A faithful copy is required. Print each line of the data exactly and omit the pictures.

__DATA EXTRACT__
--------

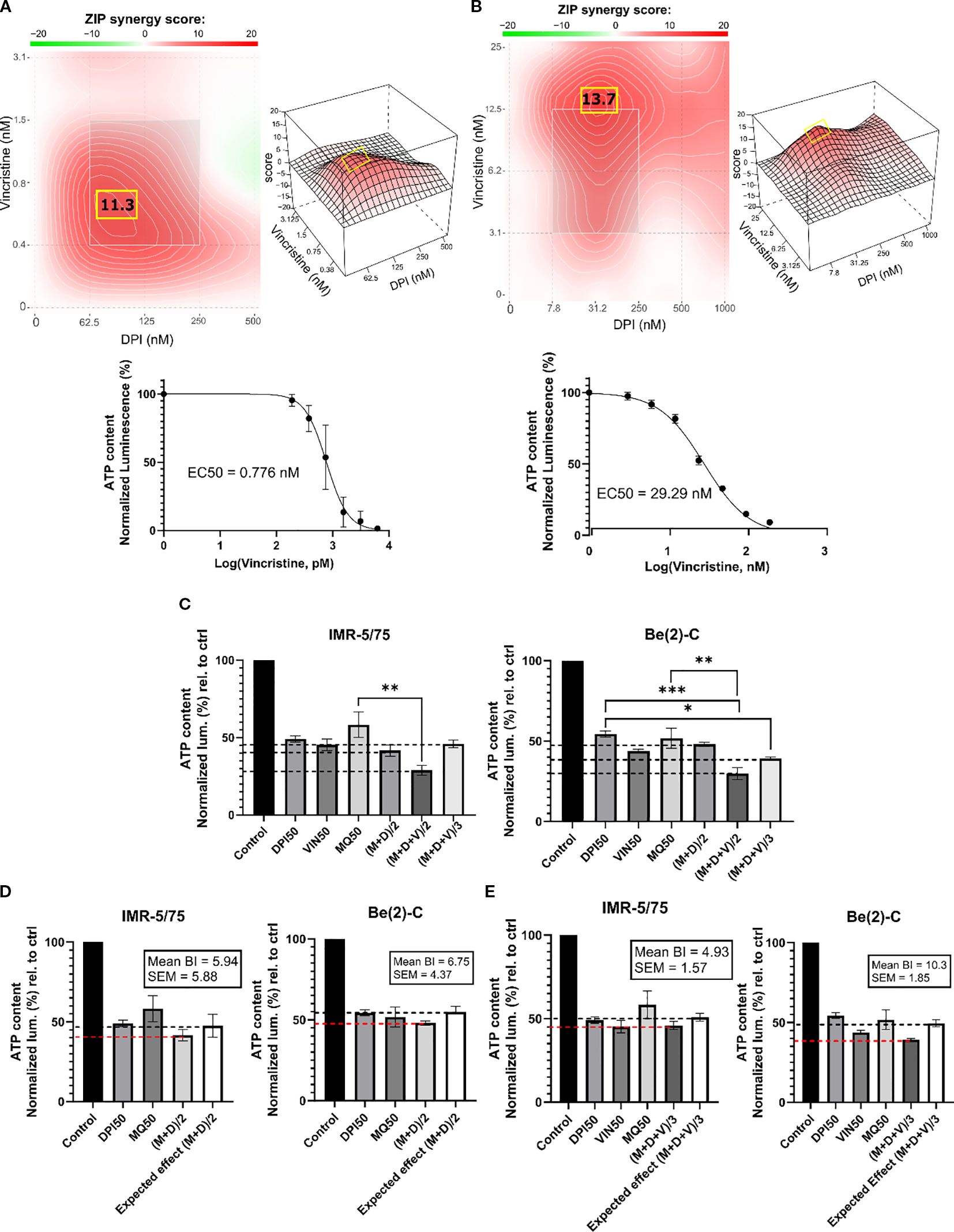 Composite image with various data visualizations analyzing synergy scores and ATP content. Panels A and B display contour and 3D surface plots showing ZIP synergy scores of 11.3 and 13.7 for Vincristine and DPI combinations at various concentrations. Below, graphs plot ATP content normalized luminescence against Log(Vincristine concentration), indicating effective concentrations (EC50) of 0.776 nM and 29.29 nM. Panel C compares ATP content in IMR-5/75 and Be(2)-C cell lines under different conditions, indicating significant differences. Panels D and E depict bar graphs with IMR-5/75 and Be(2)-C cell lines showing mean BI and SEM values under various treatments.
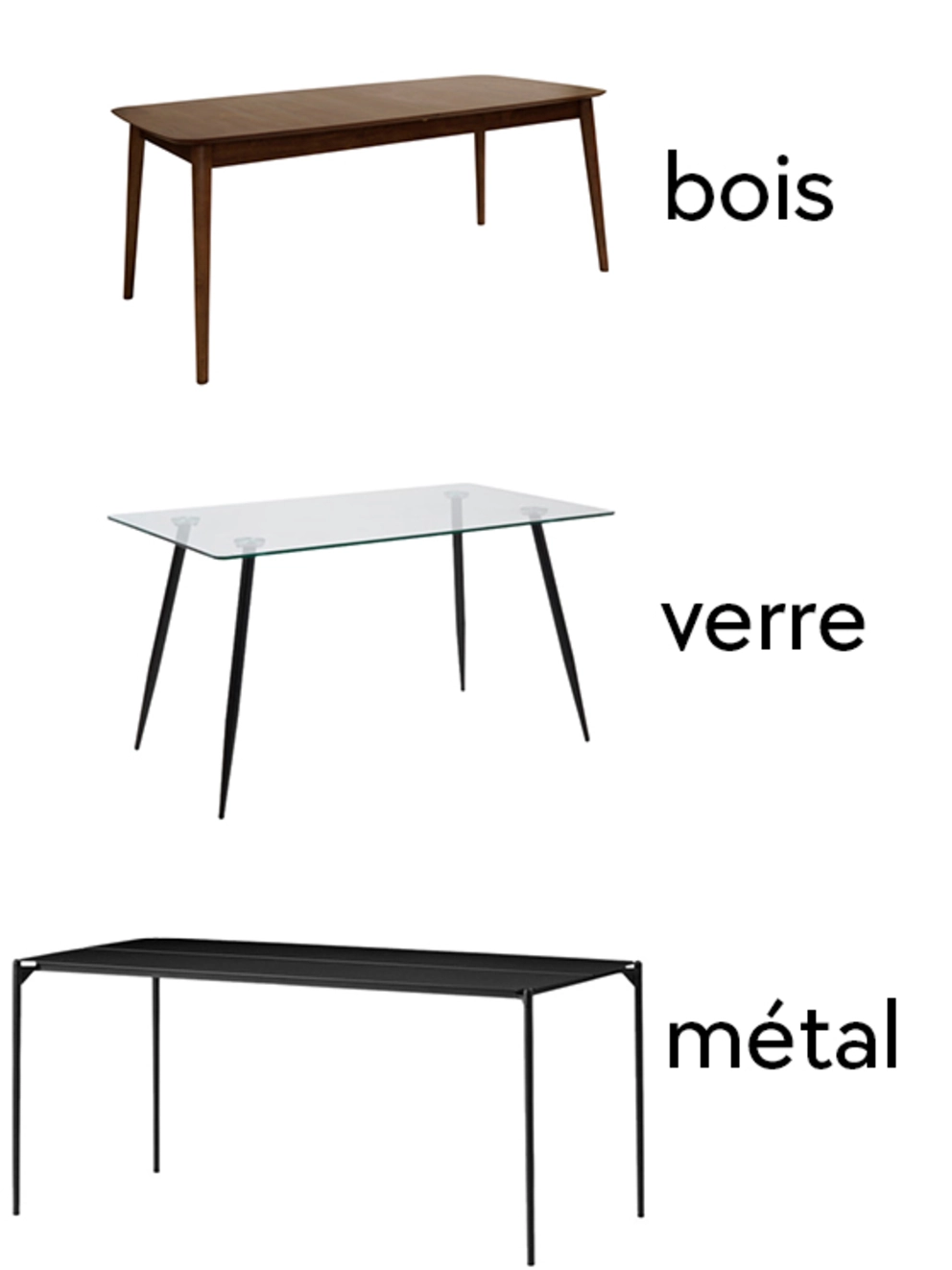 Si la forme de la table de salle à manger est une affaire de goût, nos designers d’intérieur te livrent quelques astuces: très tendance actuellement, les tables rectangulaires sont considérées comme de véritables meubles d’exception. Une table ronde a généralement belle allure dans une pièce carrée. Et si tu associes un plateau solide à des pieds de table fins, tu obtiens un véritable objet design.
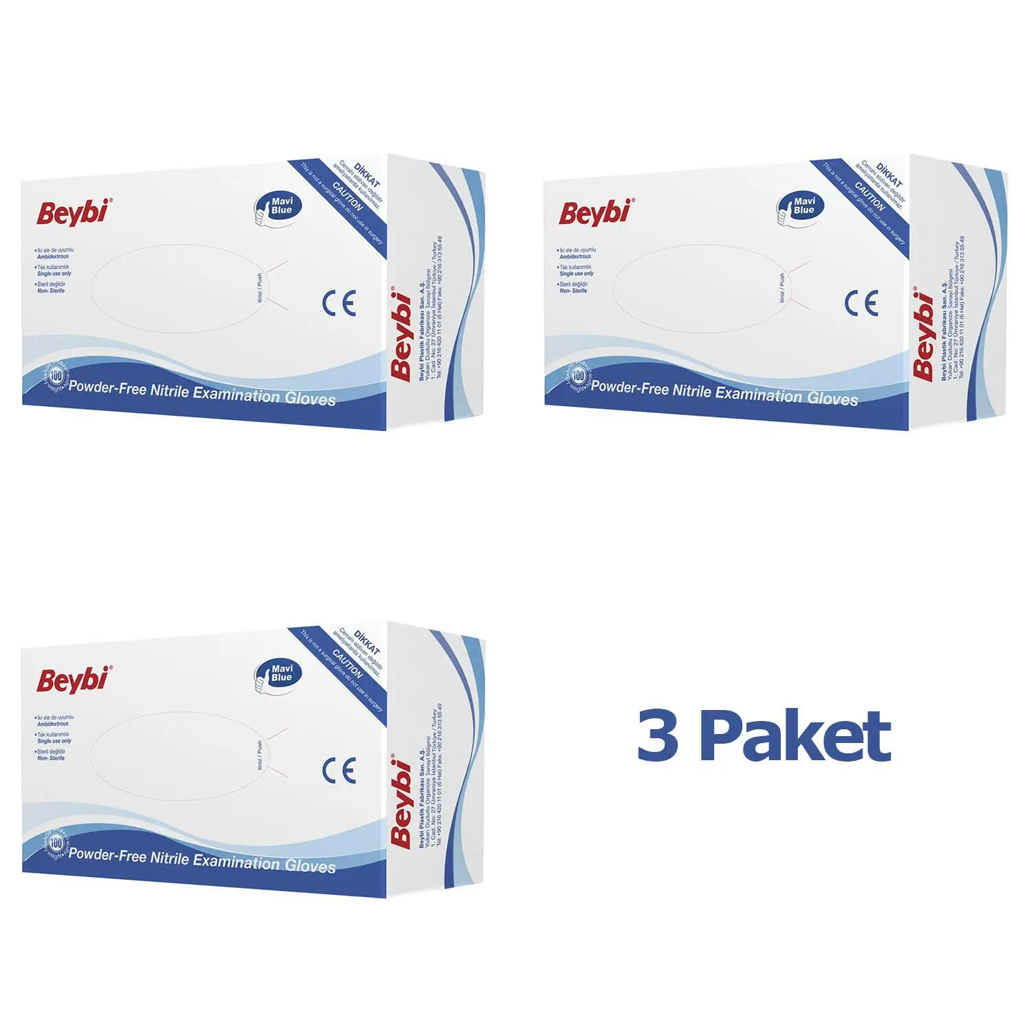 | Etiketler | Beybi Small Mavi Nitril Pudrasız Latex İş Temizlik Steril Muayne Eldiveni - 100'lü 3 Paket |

--------

__ANSWER FOR THIS EXERCISE__
 Composite image with various data visualizations analyzing synergy scores and ATP content. Panels A and B display contour and 3D surface plots showing ZIP synergy scores of 11.3 and 13.7 for Vincristine and DPI combinations at various concentrations. Below, graphs plot ATP content normalized luminescence against Log(Vincristine concentration), indicating effective concentrations (EC50) of 0.776 nM and 29.29 nM. Panel C compares ATP content in IMR-5/75 and Be(2)-C cell lines under different conditions, indicating significant differences. Panels D and E depict bar graphs with IMR-5/75 and Be(2)-C cell lines showing mean BI and SEM values under various treatments.
 Si la forme de la table de salle à manger est une affaire de goût, nos designers d’intérieur te livrent quelques astuces: très tendance actuellement, les tables rectangulaires sont considérées comme de véritables meubles d’exception. Une table ronde a généralement belle allure dans une pièce carrée. Et si tu associes un plateau solide à des pieds de table fins, tu obtiens un véritable objet design.
 | Etiketler | Beybi Small Mavi Nitril Pudrasız Latex İş Temizlik Steril Muayne Eldiveni - 100'lü 3 Paket |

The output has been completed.